### Work instructions
The pictures in the listing below are to be skipped, while the lines between the line holding "والإحناط، يقال للرمث: أحّنط،" and the line holding "等到打发至非常的细腻的状态,鸡蛋糊提起来", inclusive, are to be output exactly.

### Supplied records

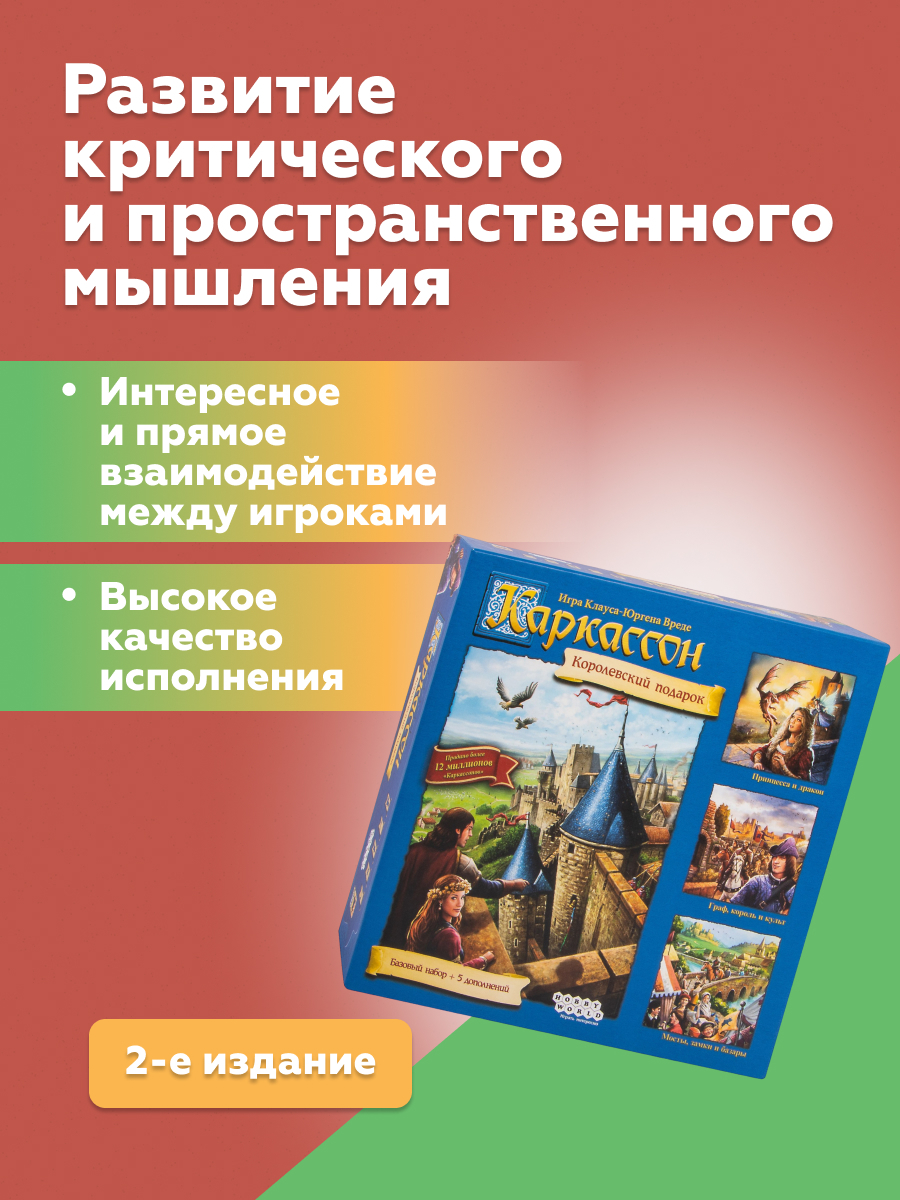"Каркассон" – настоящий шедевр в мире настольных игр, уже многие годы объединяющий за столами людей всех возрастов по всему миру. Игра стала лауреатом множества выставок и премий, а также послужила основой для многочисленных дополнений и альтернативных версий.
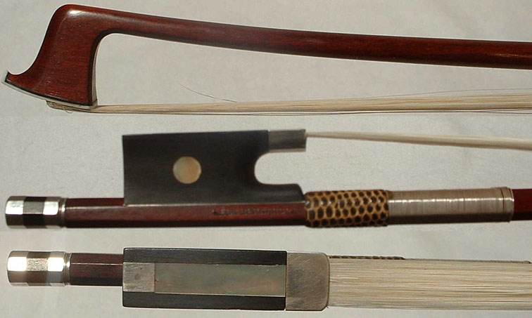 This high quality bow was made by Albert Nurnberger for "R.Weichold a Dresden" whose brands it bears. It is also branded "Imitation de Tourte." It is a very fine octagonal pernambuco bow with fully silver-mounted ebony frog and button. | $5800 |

* * *

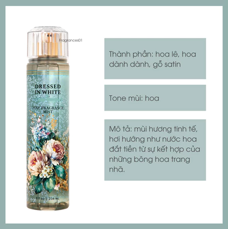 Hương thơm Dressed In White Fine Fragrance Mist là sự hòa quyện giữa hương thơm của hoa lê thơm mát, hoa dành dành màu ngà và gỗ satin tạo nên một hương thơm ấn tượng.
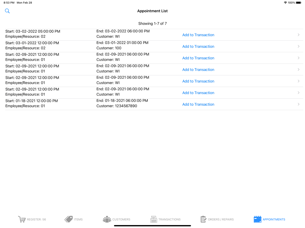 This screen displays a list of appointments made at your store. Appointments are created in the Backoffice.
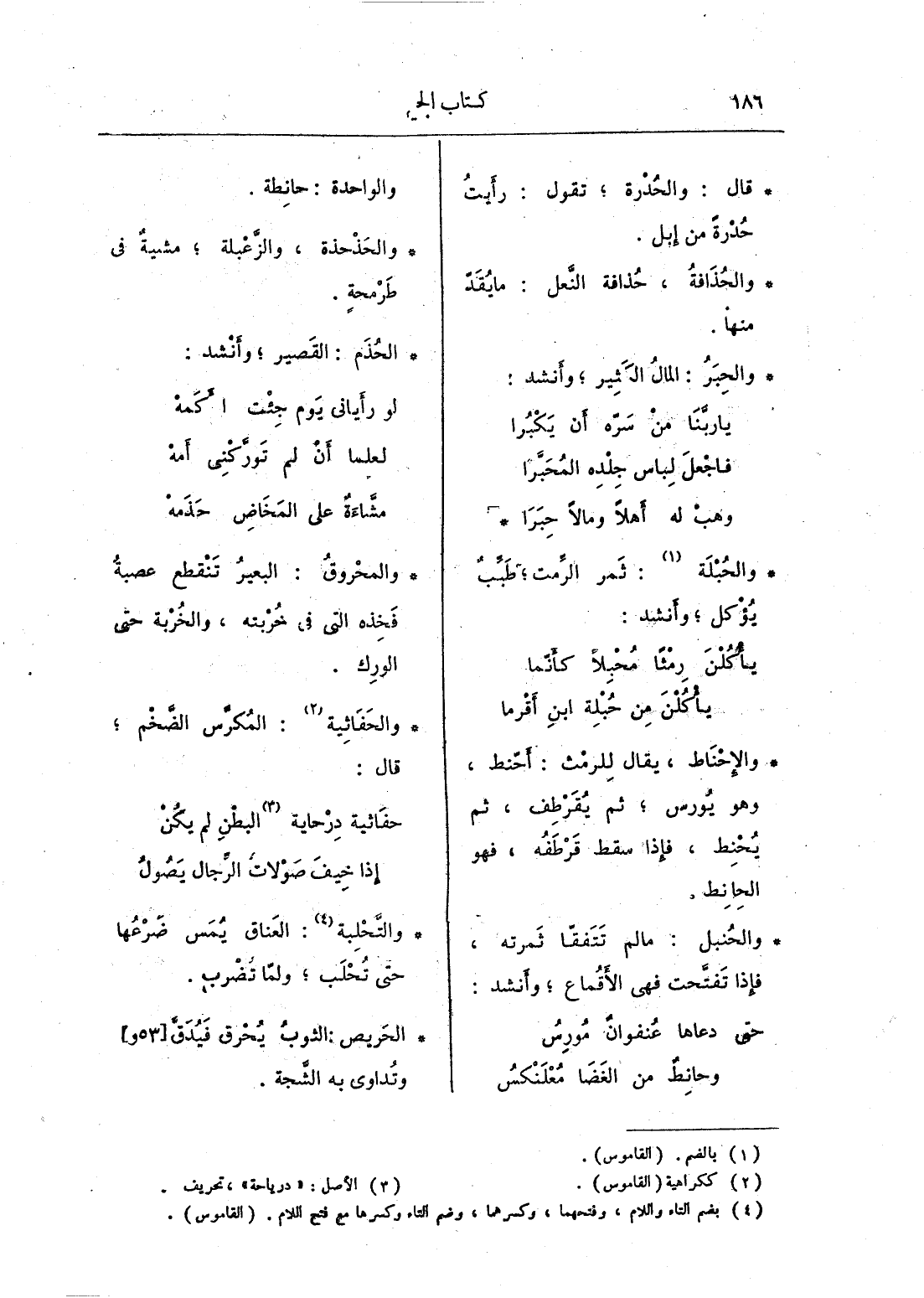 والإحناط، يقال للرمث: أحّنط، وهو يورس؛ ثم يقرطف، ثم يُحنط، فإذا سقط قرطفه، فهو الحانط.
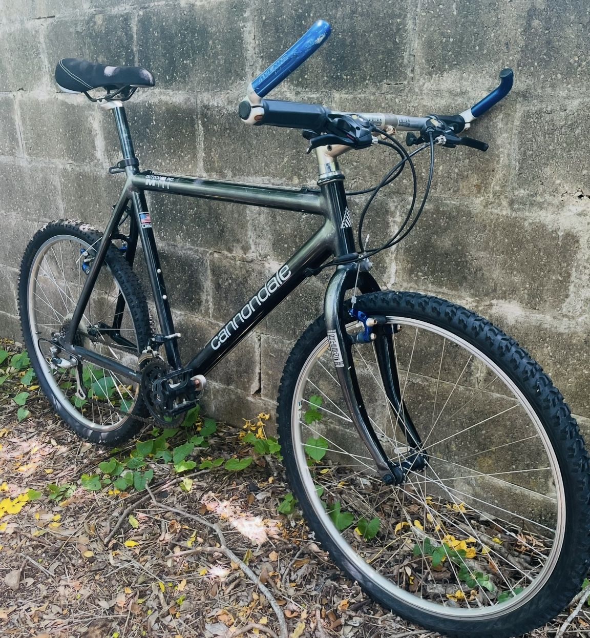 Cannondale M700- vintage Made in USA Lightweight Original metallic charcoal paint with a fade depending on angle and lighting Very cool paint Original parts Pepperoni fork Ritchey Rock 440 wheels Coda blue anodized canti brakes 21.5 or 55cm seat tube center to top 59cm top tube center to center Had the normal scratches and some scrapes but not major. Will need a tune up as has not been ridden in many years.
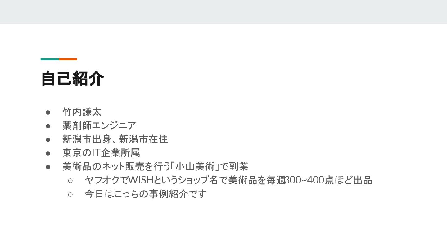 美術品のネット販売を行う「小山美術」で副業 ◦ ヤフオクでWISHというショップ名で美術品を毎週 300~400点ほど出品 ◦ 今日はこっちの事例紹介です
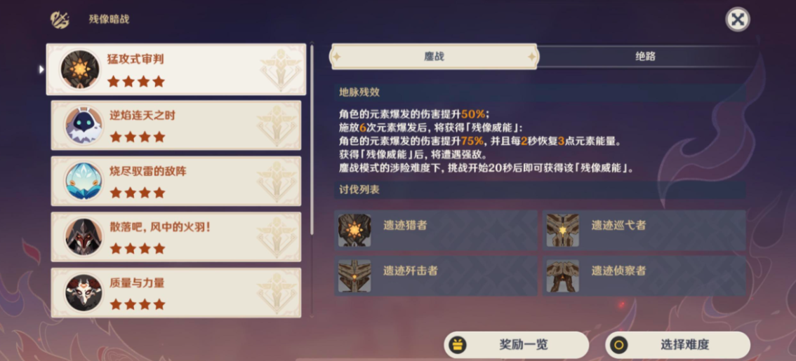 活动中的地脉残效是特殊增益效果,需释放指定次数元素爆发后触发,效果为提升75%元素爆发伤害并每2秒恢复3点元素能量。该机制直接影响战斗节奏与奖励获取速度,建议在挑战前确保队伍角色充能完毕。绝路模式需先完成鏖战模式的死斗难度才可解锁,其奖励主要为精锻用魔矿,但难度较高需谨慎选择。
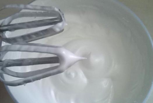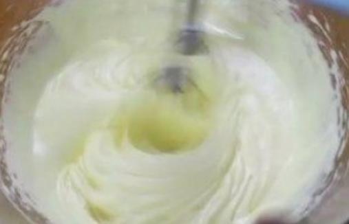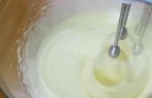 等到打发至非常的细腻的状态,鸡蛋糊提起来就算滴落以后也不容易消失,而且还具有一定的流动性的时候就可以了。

* * *

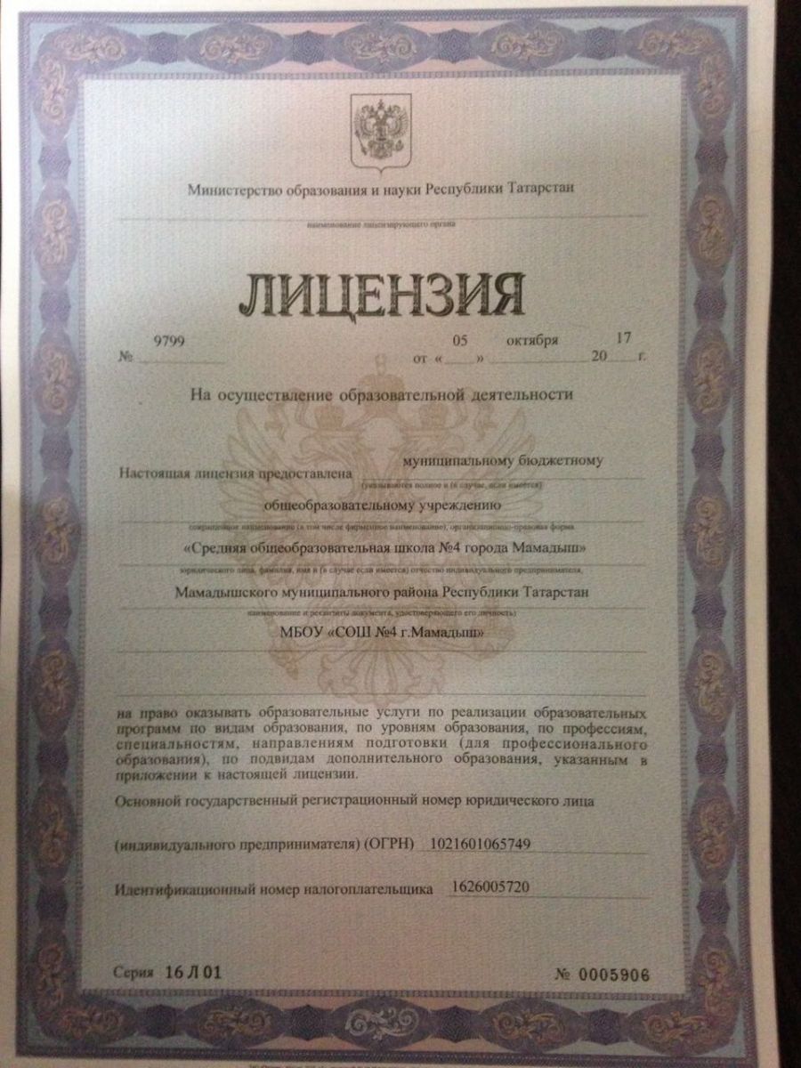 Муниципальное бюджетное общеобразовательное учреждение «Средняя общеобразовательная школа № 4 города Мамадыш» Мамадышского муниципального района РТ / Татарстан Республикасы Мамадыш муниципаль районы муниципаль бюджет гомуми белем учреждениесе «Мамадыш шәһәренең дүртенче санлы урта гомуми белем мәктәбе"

### Response
 والإحناط، يقال للرمث: أحّنط، وهو يورس؛ ثم يقرطف، ثم يُحنط، فإذا سقط قرطفه، فهو الحانط.
 Cannondale M700- vintage Made in USA Lightweight Original metallic charcoal paint with a fade depending on angle and lighting Very cool paint Original parts Pepperoni fork Ritchey Rock 440 wheels Coda blue anodized canti brakes 21.5 or 55cm seat tube center to top 59cm top tube center to center Had the normal scratches and some scrapes but not major. Will need a tune up as has not been ridden in many years.
 美術品のネット販売を行う「小山美術」で副業 ◦ ヤフオクでWISHというショップ名で美術品を毎週 300~400点ほど出品 ◦ 今日はこっちの事例紹介です
 活动中的地脉残效是特殊增益效果,需释放指定次数元素爆发后触发,效果为提升75%元素爆发伤害并每2秒恢复3点元素能量。该机制直接影响战斗节奏与奖励获取速度,建议在挑战前确保队伍角色充能完毕。绝路模式需先完成鏖战模式的死斗难度才可解锁,其奖励主要为精锻用魔矿,但难度较高需谨慎选择。
 等到打发至非常的细腻的状态,鸡蛋糊提起来就算滴落以后也不容易消失,而且还具有一定的流动性的时候就可以了。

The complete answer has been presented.